LAM Pilot Study with Nilotinib LAMP-2

  • D'armiento, Jeanine M (PI)

Projet

Détails sur le projet

Description

The primary pulmonary manifestation of tuberous sclerosis (TS) is lymphangioleiomyomatosis (LAM), a rare cystic lung disease occurring primarily in women of childbearing age. The disease causes progressive loss of lung function due to the production of enzymes by LAM cells that cause cysts to form in the lungs. Patients present with shortness of breath, cough, chest discomfort, and even lung collapse. Outside of the lung, patients can also develop kidney tumors, known as angiomyolipomas (AML), which can grow and bleed at larger sizes.

Patients with LAM exhibit increased activity in LAM lung cells of a protein complex called mammalian target of rapamycin (mTOR) complex 1. This causes cells to proliferate and with more LAM cells present, more cysts can form. At present, the only approved therapy for LAM is sirolimus (also known as rapamycin), which slows the rate of replication of the LAM cell by blocking the mTOR pathway, but does not cause death of the LAM tumor cell. Therefore, sirolimus is only a temporary treatment for LAM, and the LAM cells still grow on therapy and AML size can increase when the drug is stopped. Identification of alternate pathways to inhibit LAM cell growth, or even to cause the death of the LAM cell would have tremendous potential to treat patients with both sporadic and TS-associated LAM.
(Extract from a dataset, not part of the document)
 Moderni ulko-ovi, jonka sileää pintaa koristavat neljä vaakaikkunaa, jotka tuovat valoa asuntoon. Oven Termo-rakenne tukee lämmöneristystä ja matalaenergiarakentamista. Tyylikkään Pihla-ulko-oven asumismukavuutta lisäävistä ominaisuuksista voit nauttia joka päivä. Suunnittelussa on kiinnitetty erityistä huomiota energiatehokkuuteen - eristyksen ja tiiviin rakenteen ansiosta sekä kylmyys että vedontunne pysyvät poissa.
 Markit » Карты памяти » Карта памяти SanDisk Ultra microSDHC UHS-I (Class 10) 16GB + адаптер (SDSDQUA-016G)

Our laboratory has identified a different pathway, platelet derived growth factor, that is also responsible for the proliferation of LAM cells. We identified in cell culture studies that Imantinib mesylate (imantinib), a tyrosine kinase inhibitor, which is an FDA-approved drug for chronic myelogenous leukemia (CML), initiates LAM cell death. Based on these findings, a first-in-LAM-patients trial was funded by the DOD in 2016 (LAMP-1) to investigate the safety and tolerability of imantinib in patients with LAM. We found that short course of imantinib was well tolerated and that it was safe to be administered concurrent with sirolimus. Concurrent cell-based research studies during that time showed the related drug nilotinib had equal efficacy in causing LAM cell death as imantinib. Due to the side effect profile favoring nilotinib over imatinib for long-term use, we propose further longer-term clinical studies evaluating the safety and tolerability of nilotinib in patients with LAM. The hypothesis is that nilotinib can be safely co-administered with sirolimus and will result in change in serum biomarkers of LAM.
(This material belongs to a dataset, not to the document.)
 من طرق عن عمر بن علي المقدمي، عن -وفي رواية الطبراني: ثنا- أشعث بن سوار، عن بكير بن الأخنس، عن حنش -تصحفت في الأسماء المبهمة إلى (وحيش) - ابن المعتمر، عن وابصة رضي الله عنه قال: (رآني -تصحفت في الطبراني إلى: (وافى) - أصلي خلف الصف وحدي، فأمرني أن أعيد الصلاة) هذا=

We aim to determine the safety and tolerability of nilotinib use in LAM over a 6-month time frame and to determine if it is well tolerated to be administered concurrent with the only FDA-approved drug for LAM, sirolimus. Finally, we will evaluate if nilotinib changes blood biomarkers of LAM. We have opted to allow patients to continue sirolimus and to not offer a placebo-controlled trial design in this pilot study because patients with this rare lung disease are reticent to come off of the only FDA-approved drug for LAM. Furthermore, we have already demonstrated that the tyrosine kinase inhibitor imantinib and sirolimus were safely co-administered. Once enrolled in this 6-month trial, participants will receive the drug and will undergo regular laboratory screening and pulmonary function testing. We will also evaluate weekly home breathing tests, the first trial of this technology in the LAM community. Finally, we will evaluate blood biomarkers of LAM and how nilotinib changes the biomarkers of interest.
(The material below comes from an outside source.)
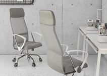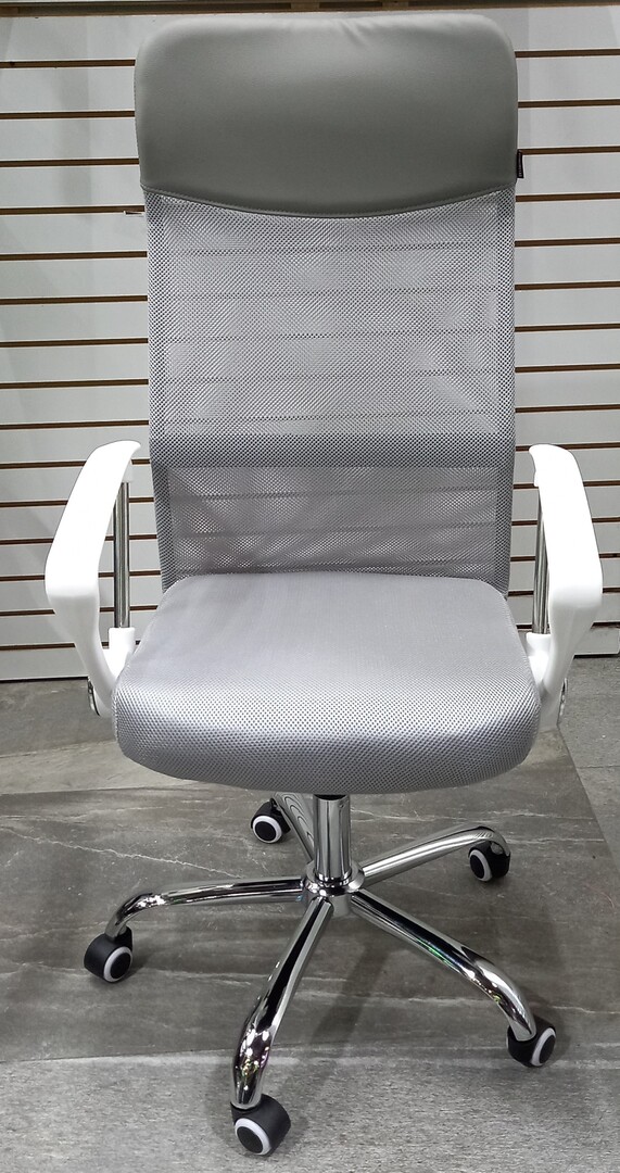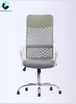 Sillon Ejecutivo, respaldo de malla alto, Asiento de tela microespacial, brazos futuristas, estrella cromada, rodajas negro con blanco

If the above study is successful, we will establish the tolerability of nilotinib in patients with LAM both on and off sirolimus therapy. We will obtain data about optimal biomarkers to follow as a response to nilotinib therapy and gather preliminary data to inform sample size requirements for larger clinical studies to establish the efficacy of nilotinib as an mTOR independent therapy in LAM. Bringing forward an alternate therapy that causes the death of LAM cells would be a major advancement in the field.

StatutActif
Date de début/de fin réelle1/1/20 → …

Financement

  • Congressionally Directed Medical Research Programs: 859 380,00 $ US

Keywords

  • Neumología
  • Ciencias sociales (todo)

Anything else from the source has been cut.